* **Work item**: All of the data below should be repeated exactly. Pictures should not be included.

----- Data

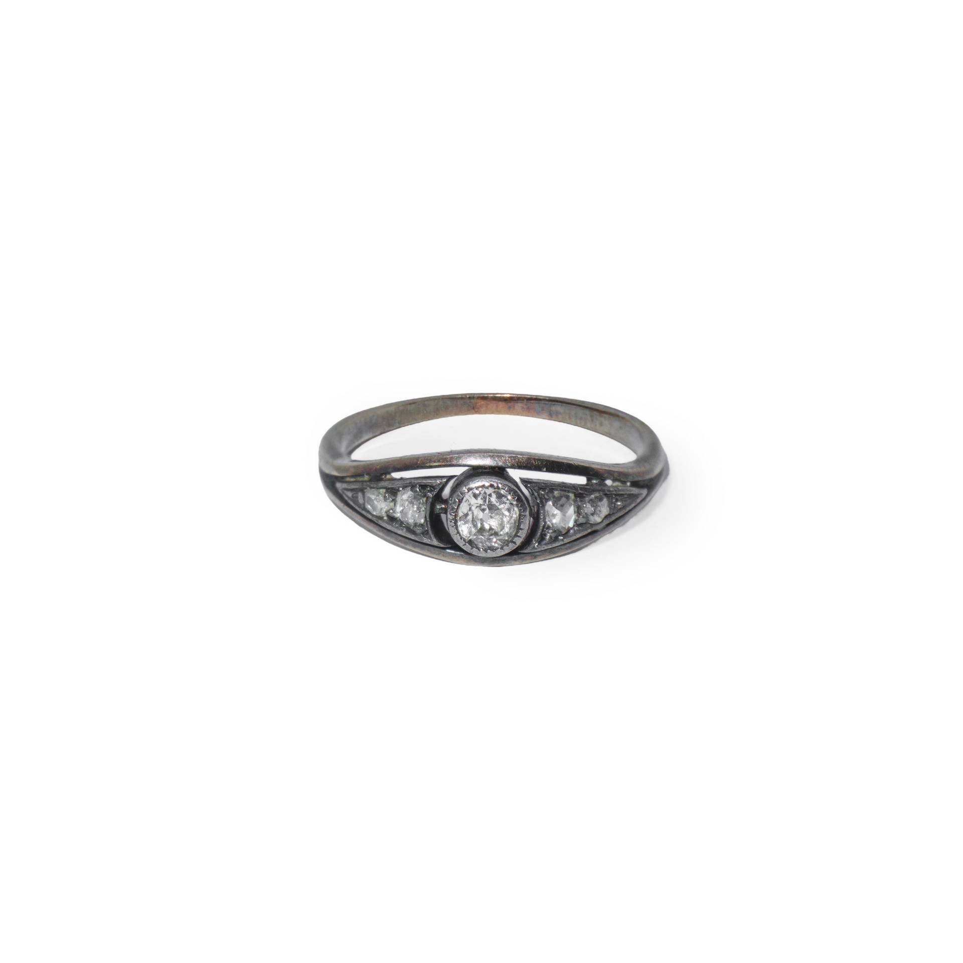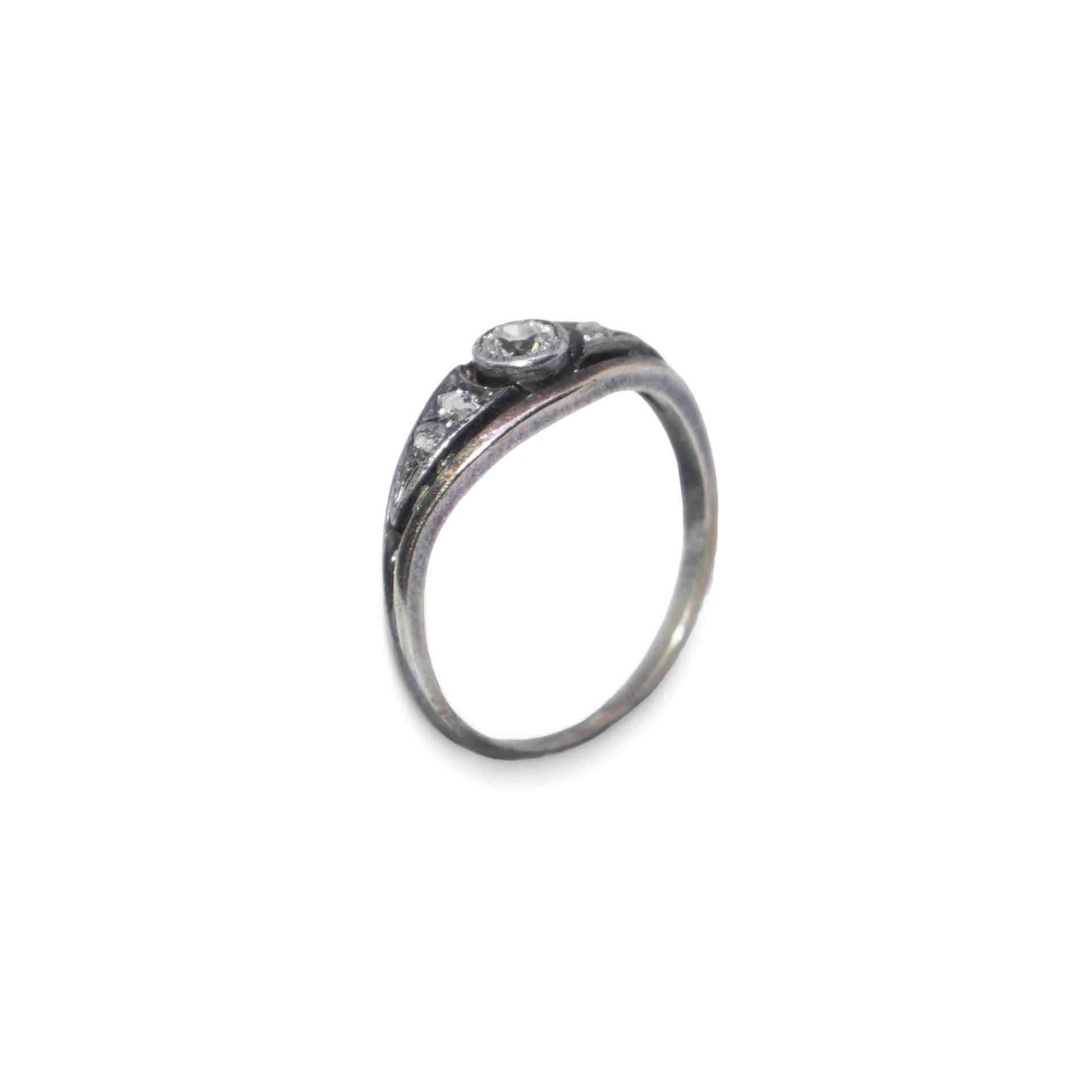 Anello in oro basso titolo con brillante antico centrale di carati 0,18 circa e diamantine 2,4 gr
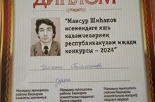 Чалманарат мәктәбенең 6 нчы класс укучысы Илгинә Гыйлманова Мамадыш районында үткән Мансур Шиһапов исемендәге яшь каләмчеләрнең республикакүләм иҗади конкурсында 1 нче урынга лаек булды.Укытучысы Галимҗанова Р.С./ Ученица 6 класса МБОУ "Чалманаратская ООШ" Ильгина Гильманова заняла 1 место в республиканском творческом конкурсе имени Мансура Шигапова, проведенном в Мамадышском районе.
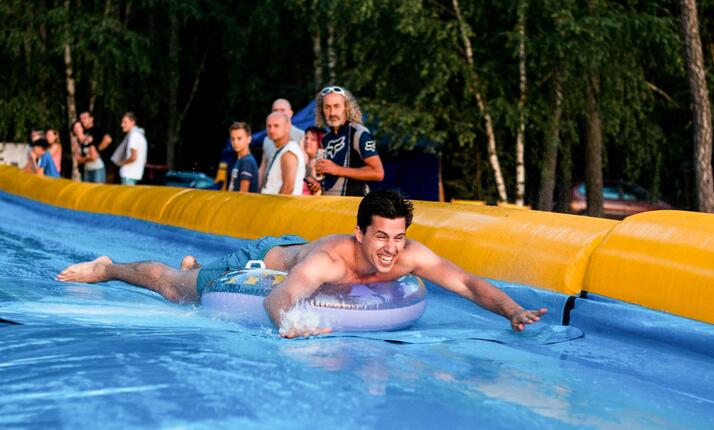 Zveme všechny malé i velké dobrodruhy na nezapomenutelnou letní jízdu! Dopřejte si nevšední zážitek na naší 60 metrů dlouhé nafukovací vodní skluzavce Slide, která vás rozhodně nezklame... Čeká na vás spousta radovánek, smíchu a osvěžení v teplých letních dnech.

----------

* **Solution**:
 Anello in oro basso titolo con brillante antico centrale di carati 0,18 circa e diamantine 2,4 gr
 Чалманарат мәктәбенең 6 нчы класс укучысы Илгинә Гыйлманова Мамадыш районында үткән Мансур Шиһапов исемендәге яшь каләмчеләрнең республикакүләм иҗади конкурсында 1 нче урынга лаек булды.Укытучысы Галимҗанова Р.С./ Ученица 6 класса МБОУ "Чалманаратская ООШ" Ильгина Гильманова заняла 1 место в республиканском творческом конкурсе имени Мансура Шигапова, проведенном в Мамадышском районе.
 Zveme všechny malé i velké dobrodruhy na nezapomenutelnou letní jízdu! Dopřejte si nevšední zážitek na naší 60 metrů dlouhé nafukovací vodní skluzavce Slide, která vás rozhodně nezklame... Čeká na vás spousta radovánek, smíchu a osvěžení v teplých letních dnech.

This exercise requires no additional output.